Maureen Dowd writes that the “neocons” have “slithered back” into the Republican mainstream by allying with Mitt Romney. Dylan Byers casts his net and reels in all sorts of quotes hammering Dowd for – no foolin’ – “anti-Semitism.”

“Maureen may not know this, but she is peddling an old stereotype, that gentile leaders are dolts unable to resist the machinations and manipulations of clever and snake-like Jews,” Jeffrey Goldberg, the Atlantic columnist and leading journalist on Israeli issues, wrote.

“[A]mazing that apparently nobody sat her down and said, this is not OK,” Blake Hounshell, the managing editor of Foreign Policy magazine, tweeted.

On the right, The Weekly Standard’s Daniel Halper called it “outrageous,” while Commentary’s Jonathan Tobin described it as ”particularly creepy.”

This is an old smear, one that started right next to Dowd’s space in the op-ed pages. In 2004, as his “Iraq proved leftists wrong forever” columns started to read less than prescient, David Brooks argued that “neoconservative” – a description that had never been controversial – had become anti-Semitic. In the hands of critics, wrote Brooks, “con is short for ”conservative’ and neo is short for ”Jewish.’”
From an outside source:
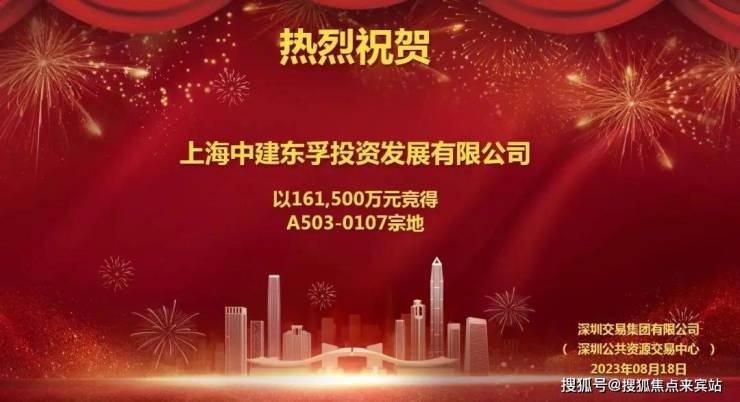 2023年8月18日,光明凤凰A503-0107宗地经6家房企29轮竞价,最终由上海中建东孚投资(中建八局)以16.15亿成功竞得。

It was claptrap then and it’s claptrap now. Were there anti-Semites who distrusted the Jewish neocons? Yes, just as there are anti-Semites who now mistrust Ben Bernanke. That doesn’t make the anti-Fed crowd anti-Semitic. Dowd isn’t bashing the Jews, either. Start with the hated “slither” line in the hed. Where does it come from?
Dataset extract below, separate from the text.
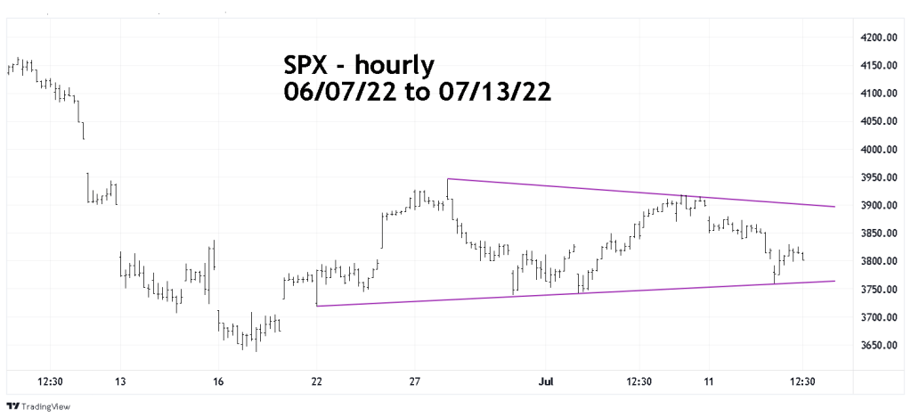 The hourly SPX chart zooms in on short-term trendlines.

Paul Wolfowitz, an Iraq war architect, weighed in on Fox News, slimily asserting that President Obama should not be allowed to “slither through” without a clear position on Libya.

Dowd was using a verb that Wolfowitz used, and somehow, this proves that she’s trafficking in anti-Semitism. Read on, though – look who she fingers as “neo-cons.” She writes that Dan Senor (who’s Jewish) is advising Paul Ryan, which is true. She writes that Dick Cheney and Donald Rumsfeld “abetted” the neocons. Neither of those guys is Jewish.

In 2000, George W. Bush was a one-and-a-half term governor with no foreign policy experience. He put his advisers out front of the campaign, promising that they would run a smart FP shop. Romney’s doing the same thing. How to stop people from pointing it out? Accuse them of being anti-Semitic conspiracy theorists.